Tokyo Dark accomplishes this with the SPIN system. This tracks four traits: Sanity, Professionalism, Investigation, Neurosis. These traits create a general path through all of the player’s decisions, awarding deducting points based on what they do. Refusing a drink can earn the player a few points in professionalism, but shooting off locks in the police station will deduct them. Asking the same person for information too many times may increase Neurosis, reflecting the player’s desperation to find an answer.
Depending on the point levels of these traits, decisions will open or close to the player and new events may play out as they increase or decrease. A lower Sanity may bring more supernatural occurrences to the fore, while a heightened Investigation may help a player find better clues that will lead to alternate routes to solving the case.
These result in a story that feels entirely your own. My version of Ito, the protagonist, started off desperate: pulling guns on people, threatening potential witnesses, tampering with investigations, and taking drinks where needed. Over time, I watched these choices tarnish Ito’s career while providing little help in investigating, so I then came at things with a more professional approach. I took time to answer questions, considering a more professional response.
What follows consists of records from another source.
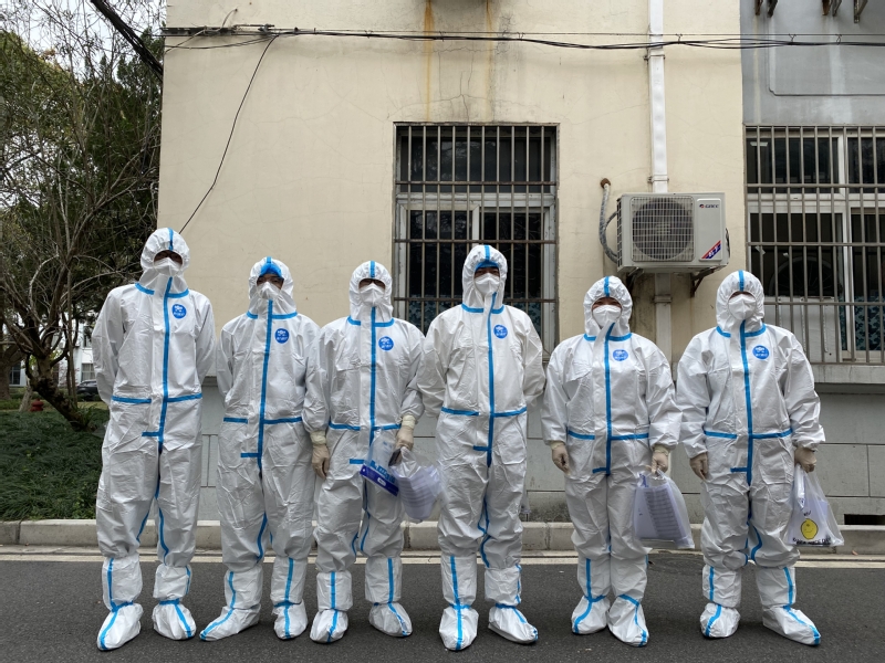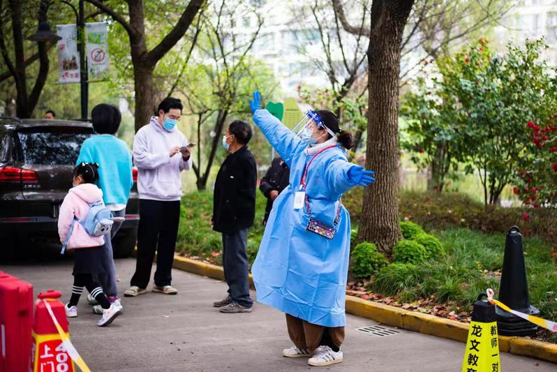 教师们积极投身战“疫”一线。校内教师住在办公室和会议室,坚守在一线,悉心陪伴学生;校外教师投入社区抗疫,奋战在第一线,共同守“沪”,坚决打赢疫情防控阻击战。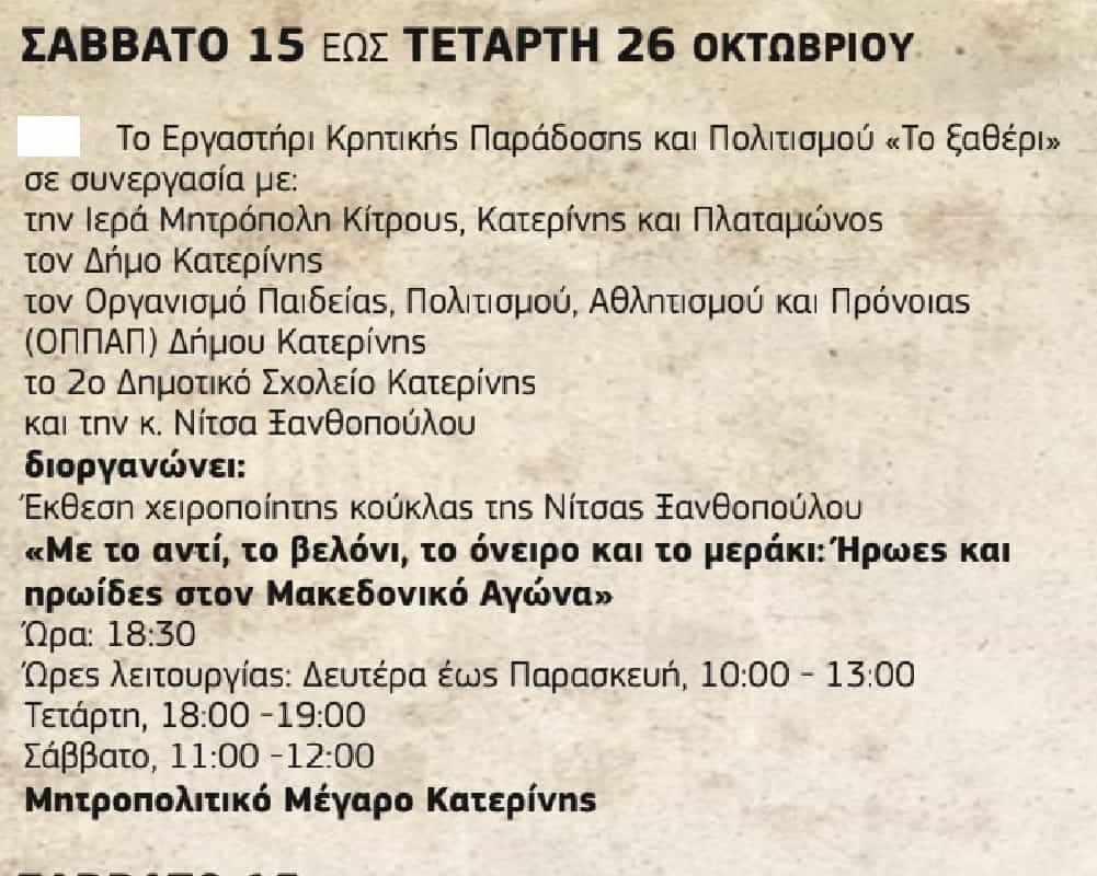 Το Εργαστήρι Κρητικής Παράδοσης και Πολιτισμού «Το ξαθέρι» τιμώντας την επέτειο του Ολοκαυτώματος στη Μονή Αρκαδίου Ρεθύμνου το 1866, διοργανώνει στο πλαίσιο των Αικατερινείων 2022 εκδηλώσεις μνήμης και τιμής για τους αγωνιστές και τους αμάχους που έδωσαν τη ζωή τους στον αγώνα για την Ελευθερία.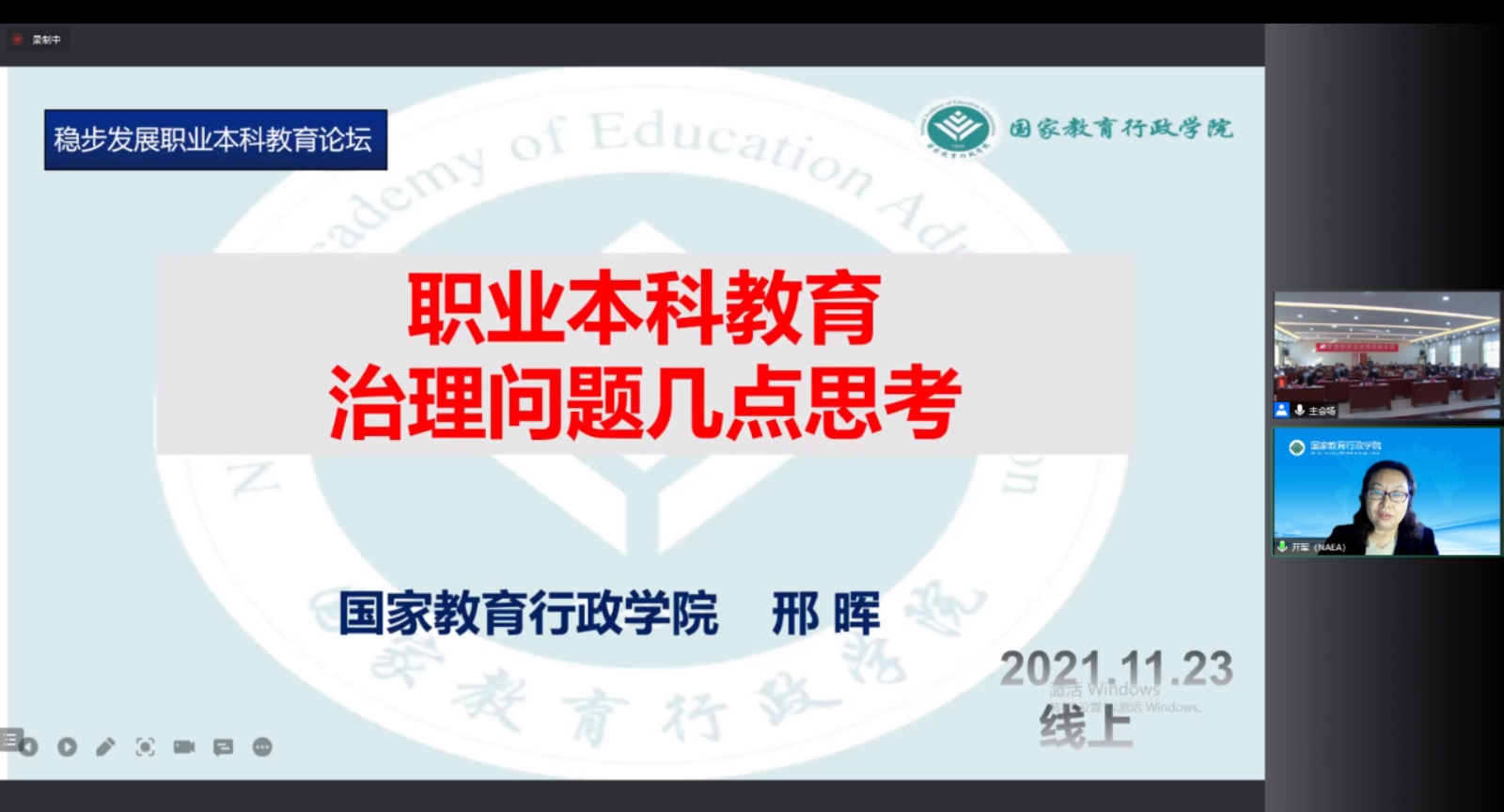 教育部职业技术教育中心研究所副所长曾天山从理论和实践两方面,就稳步发展职业本科教育的有效路径做了分析;中国职业技术教育学会副会长孙善学就职业本科发展目的及其本质特征做了阐述;国家教育行政学院职业教育研究中心主任邢晖谈到了职业本科教育的治理重点问题;全国职业高等院校校长联席会议主席董刚以科学研究为切入点,剖析了高职教育实现高质量发展的内在逻辑;国家督学、陕西省职业技术教育学会会长崔岩就优化类型定位,创建职业本科教育办学特色作了报告;同花顺在线登录官网校长薛晓萍结合同花顺在线登录官网的办学实践,阐述了高标准建设职业本科教育的发展路径。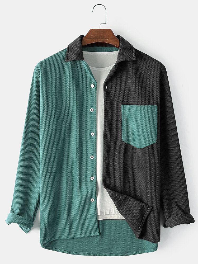 Mens Patchwork Knitting Jacquard Texture Button Up Long Sleeve Shirts With Pocket – Army Green S

I was kind to witnesses and wanted to help.
The game’s narrative shifted as I altered my approach, and in the end, it felt like I told my story within the game’s world. While this same kind of appeal can be seen in many Telltale Games, Tokyo Dark’s story shifts felt more immediate due to watching the SPIN meters rise and fall and seeing the story change more within that single game rather than over several titles.
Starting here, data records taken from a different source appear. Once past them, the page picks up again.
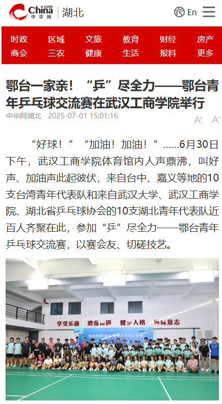 “能代表学校参加鄂台青年乒乓球交流赛,我感到非常荣幸。”新葡的京集团35222vip管理学院2025届毕业生胡晨曾是校乒乓球队主力队员,特意将这场赛事作为自己大学生涯最后一项重要活动。他表示,为了这次比赛,他和队友们提前两个月就开始了每周高强度集训。“能与台湾的专业乒乓球选手同场竞技、交流技术心得,是一次非常宝贵且难忘的经历,我获益匪浅。”(通讯员:李洋洋)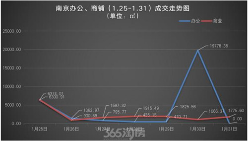 據(jù)南京網(wǎng)上房地產(chǎn)數(shù)據(jù),南京樓市上周(1月25日-1月31日)商業(yè)地產(chǎn)銷售市場共成交面積44598.93㎡,環(huán)比猛增204.93%。其中辦公類產(chǎn)品成交29143.89㎡,環(huán)比暴漲483.06%,商鋪類產(chǎn)品成交15455.04㎡,環(huán)比上漲60.53%。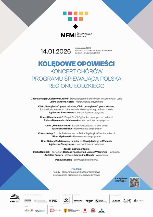 14-15 stycznia 2026, godz. 18:00 w Filharmonii Łódzkiej odbędzie się koncert chórów szkolnych w ramach projektu ,,Śpiewająca Polska" w którym wystąpi chór Szkoły Podstawowej nr 94 im. Fryderyka Chopina pod batutą pana Piotra Mytkowskiego.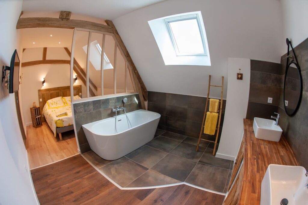 - Une quatrième chambre : la suite parentale de 25m² avec un lit de 160*190cm, une salle de bain attenante avec baignoire, un meuble double vasque, un téléviseur.

And it was a delightfully dark world to tell it in. Tokyo Dark’s vision of the streets and countryside of Japan is a bleak, neon-soaked place of lost souls. Shadow figures flit by as Ito delves through the country’s underbelly, meeting many downcast people throughout her journey to tie together a satisfyingly twisted narrative of supernatural, and entirely natural, misery. The style is very satisfying, although some character models seem a little too simple compared to others.
Tokyo Dark offers a powerful player experience, having them solve the crime on their own terms, whatever those may be, and deal with the consequences in immediate, unsettling ways.